OUTLOOK AND OTHER HIGHLIGHTS

  • Following AltaGas’ strong first quarter of 2025, the Company is reiterating its 2025 full year guidance, including normalized EBITDA of $1,775 million to $1,875 million and normalized EPS of $2.10 to $2.30. AltaGas is also reiterating its expectation of five to seven percent compounded annual growth rate (“CAGR”) guidance on dividends to 2029.
  • On April 1, 2025, Washington Gas issued the remaining US$100 million in private placement notes with a 4.84 percent coupon, due on April 1, 2035, as part of the note purchase agreement executed on October 1, 2024.

CEO MESSAGE

“We are pleased with our strong start to 2025” said Vern Yu, President and Chief Executive Officer of AltaGas. “Our first quarter results reflect progress on our strategic priorities where we have de-risked our business, optimized our assets, and continued to pursue growth opportunities that will deliver long-term value for our stakeholders.

“Our diversified business and strong contract profile allowed AltaGas to drive steady returns, despite the significant market volatility in the first quarter. Over the past five years, we have cut our commodity price exposure in half where today approximately 85 percent of AltaGas’ normalized EBITDA is now comprised of cost-of-service, take-or-pay and fee-for-service contracts.
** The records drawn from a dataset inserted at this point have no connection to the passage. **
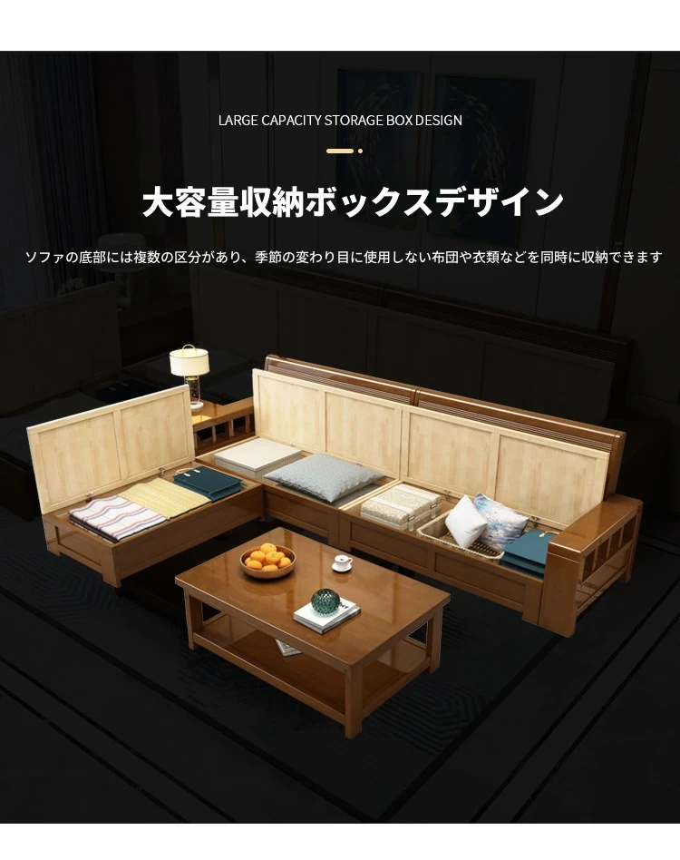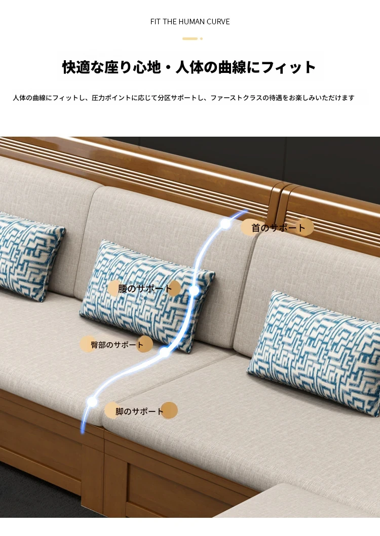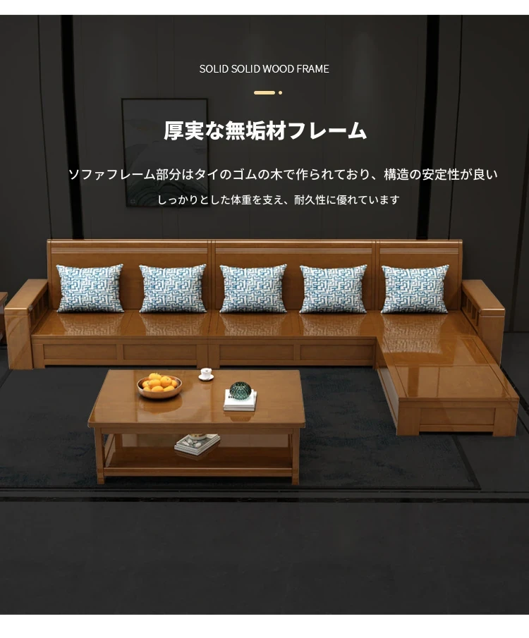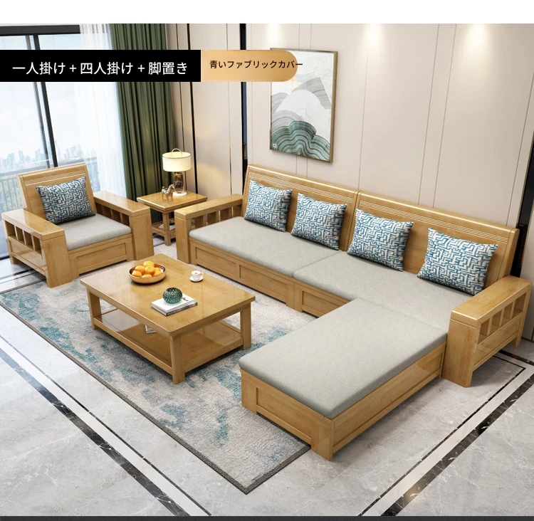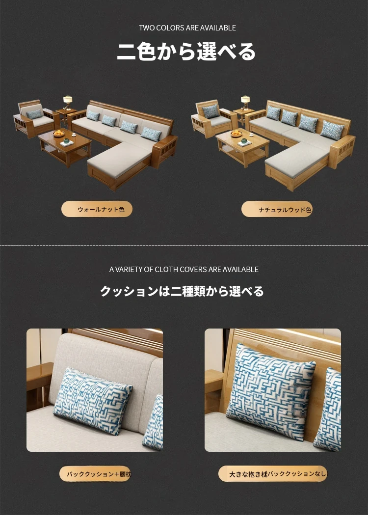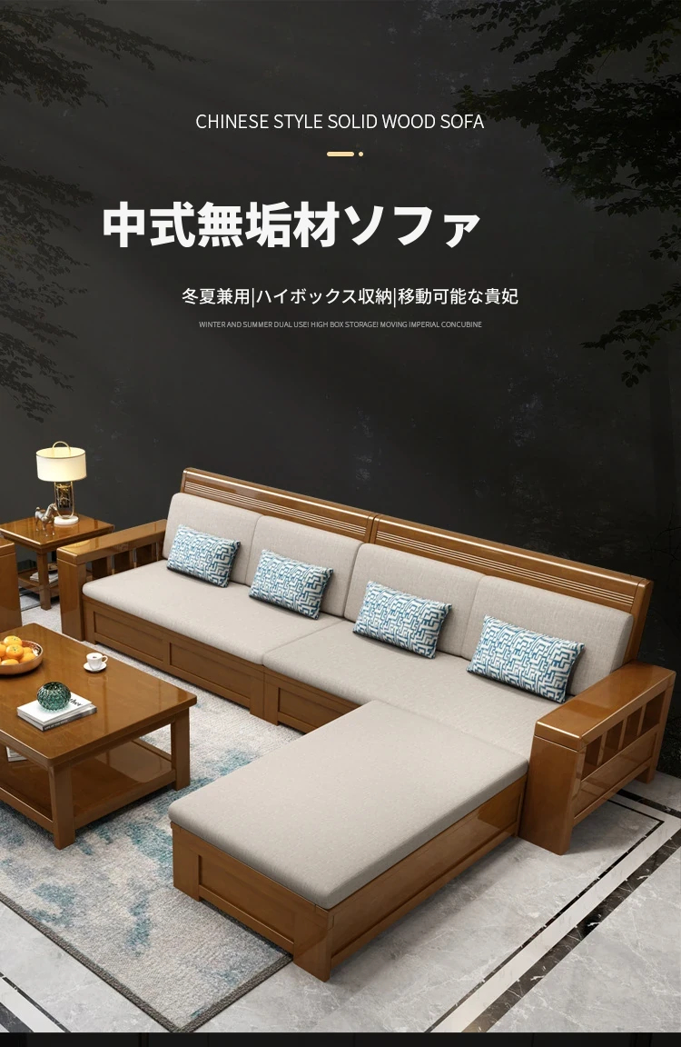 小SY-908# 中式実木ソファセット 大型リビング向け 冬夏兼用 おしゃれでシンプルなファブリックソファ
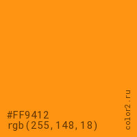 Цвет #FF9412 в цветовой модели RGB обозначается тремя октетами (255, 148, 18) в десятичном формате и #FF9412 в шестнадцатиричном (hex) формате, которые являются интенсивностью красного 255 (hex FF), интенсивность зелёного 148 (hex 94) и интенсивность синего 18 (hex 12).
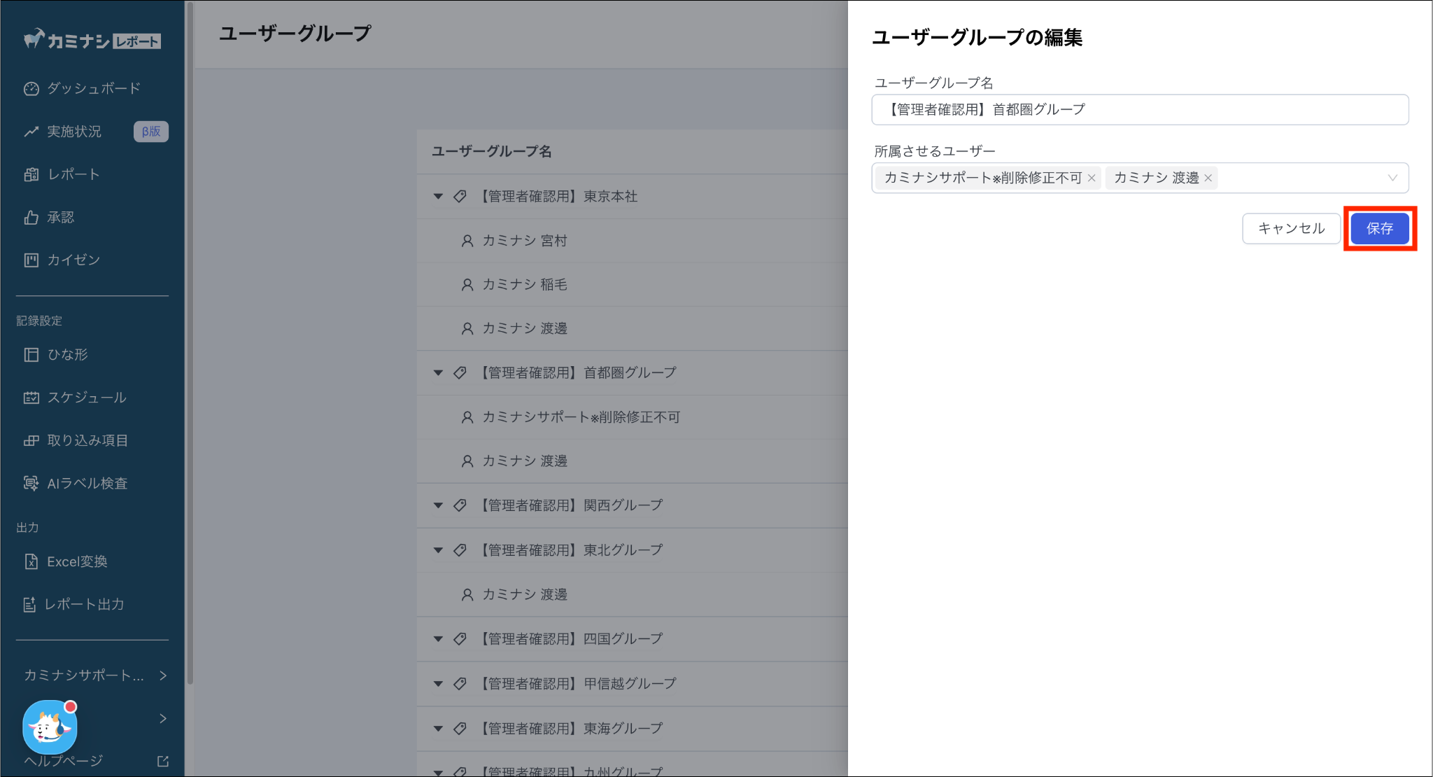 1. カミナシレポート 管理画面にログインする2. 「設定」を選択し、「ユーザーグループ」を押す3. 削除したいユーザーグループの「削除」を押す4. 再度確認し、「削除」を押す一度削除されたユーザーグループは復元できませんのでご注意ください。よくある質問は、こちらからご確認ください。
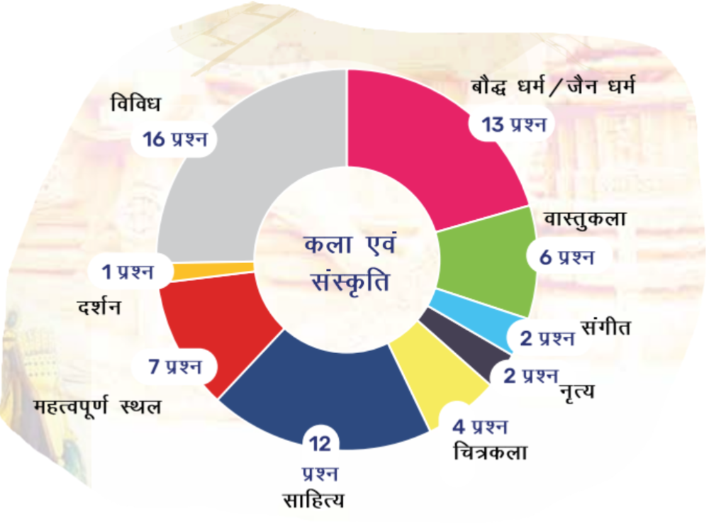 • 2015 से 2024 तक, UPSC प्रारंभिक परीक्षा के प्रश्नपत्रों में प्राचीन कला और वास्तुकला, जैन एवं बौद्ध दर्शन, शास्त्रीय नृत्य रूप, ऐतिहासिक स्मारक, पुरातात्विक खोज, यूनेस्को विश्व धरोहर स्थल और सांस्कृतिक घटनाएं जैसे विषय लगातार आते रहे हैं।
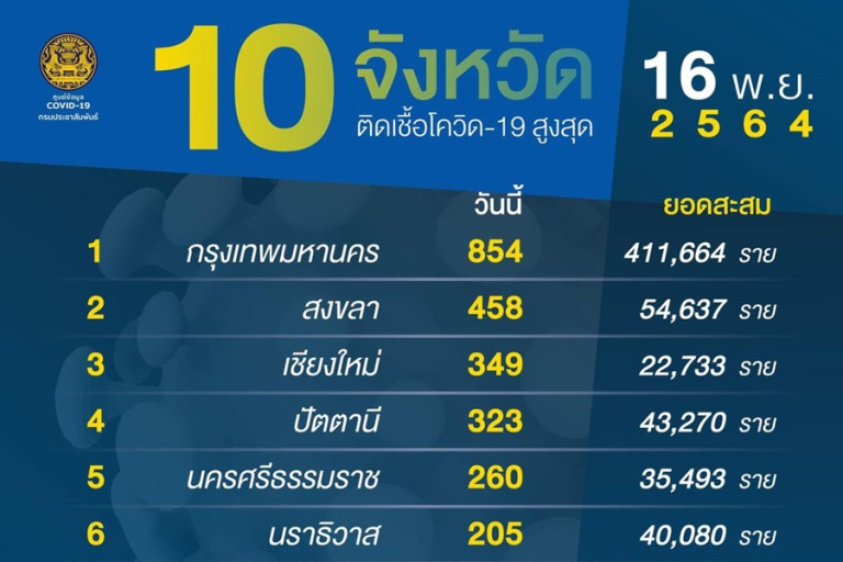 "เชียงใหม่" ยังแรงไม่ตกมาที่ 3 ขณะกทม.ขยับเพิ่มเข้าใกล้หลักพันอีก แม้ภาพรวมตัวเลขจะลดลงแต่ทั้งกทม. ใต้ และเชียงใหม่ ยังทรง เมื่อวันที่ 16 พ.ย.64 ศูนย์ข้อมูลโควิด-19 รายงานสถานการณ์ผู้ติดเชื้อไวรัสโควิด-19 ข้อมูล ณ วันที่ 16 พ.ย.64 เวลา 01.00 น. ประเทศไทยยังคงพบผู้ติดเชื้อรายใหม่ในทั้ง 77 จังหวัด โดยมากที่สุดที่กทม.ที่ขยับเพิ่มขึ้นจากเมื่อวานอยู่ที่ 854 ราย ขณะที่จังหวัดที่พบผู้ป่วยรายใหม่น้อยที่สุดมี 2 จังหวัดคือ อุทัยธานี และอ่างทอง จังหวัดละ 1 ราย ขณะที่ภาคใต้ยังคงติดท็อปเท็นถึง 6 จังหวัด ไล่ตั้งแต่อันดับที่ 2 สงขลา คั่นด้วยเชียงใหม่ อันดับ 3 ขณะอันดับ 4-7 มาจากใต้หมดทั้ง ปัตตานี อันดับ 4 นครศรีธรรมราช อันดับ 5 นราธิวาส อันดับ 6 สุราษฎร์ธานี อันดับ 7 และตรัง อันดับ 10 โดยมีสมุทรปราการ อยู่ในอันดับ 8 และชลบุรี อันดับ 9 ทั้งนี้ พบมี 14 จังหวัดที่พบผู้ป่วยติดเชื้อรายใหม่เกินร้อย ภาคใต้ ยังคงพบผู้ติดเชื้อรายใหม่เกินร้อยมากที่สุด 7 จังหวัดคือ สงขลา ปัตตานี นครศรีธรรมราช นราธิวาส สุราษฎร์ธานี ยะลา และตรัง ภาคกลาง พบผู้ติดเชื้อรายใหม่เกินร้อยใน 2 จังหวัดคือ กทม. และสมุทรปราการ ภาคตะวันออก พบผู้ติดเชื้อรายใหม่เกินร้อยใน 2 จังหวัดคือ ชลบุรี และระยอง ภาคเหนือ พบผู้ติดเชื้อรายใหม่เกินร้อย 1 จังหวัดคือ เชียงใหม่ ภาคตะวันออกเฉียงเหนือ พบผู้ติดเชื้อรายใหม่เกินร้อย 1 จังหวัดคือ นครราชสีมา ภาคตะวันตก พบผู้ติดเชื้อรายใหม่เกินร้อย 1 จังหวัดคือ ราชบุรี
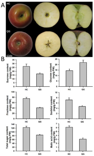 - Li, M.; Li, P.; Ma, F.; Dandekar, A.M.; Cheng, L. Sugar metabolism and accumulation in thefruit of transgenic apple trees withdecreased sorbitol synthesis. Hortic. Res. 2018, 5, 60. [Google Scholar] [CrossRef] [Green Version]
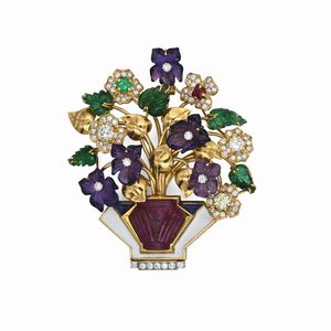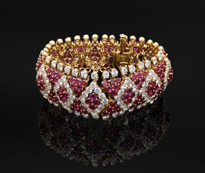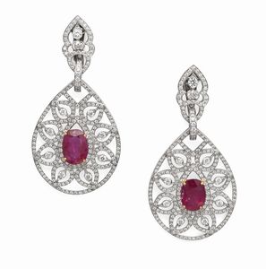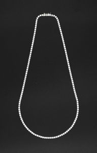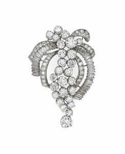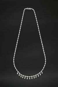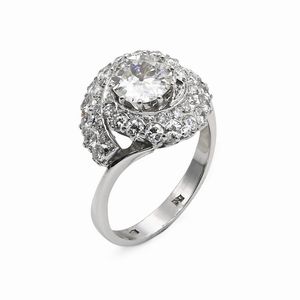 cm 7 x 4 Oro bianco 750/000. Diamanti in taglio rotondo brillante ct. 5, 2 diamanti in taglio ovale ct. [..]

“Our Utilities delivered a strong first quarter. The combination of strong retail performance, colder temperatures relative to 2024, further cost management, significant investments in pipeline modernization programs, and asset optimization activities all contributed to this performance. We continue to focus on delivering the best outcomes for all stakeholders by delivering the lowest possible cost to our customers.

“Our Midstream business produced another quarter of strong operational execution with record first quarter global export volumes to Asia, ensuring more Canadian production realizes premium global prices. Our gas processing volumes were up 11 percent year-over-year, led by our Montney and Northeastern B.C. footprint. While the recent commodity price volatility has created some uncertainty for select upstream development, we believe our assets will continue to realize strong forward growth through this market volatility.

“Strong commercial success for the first phase of REEF has allowed us to accelerate the regulatory and engineering work for its next phases. Demand for capacity at REEF highlights the importance of building energy infrastructure that connects Canadian energy to premium global markets.

“Our long-term strategy of having a diversified business mix provides steady and ratable earnings growth for our shareholders. Our unique ability to connect Western Canada’s growing energy supply to premium demand markets in Asia will increase in value over time. We are excited for the future as we continue to leverage our strategic asset base and compound long-term value across our enterprise.”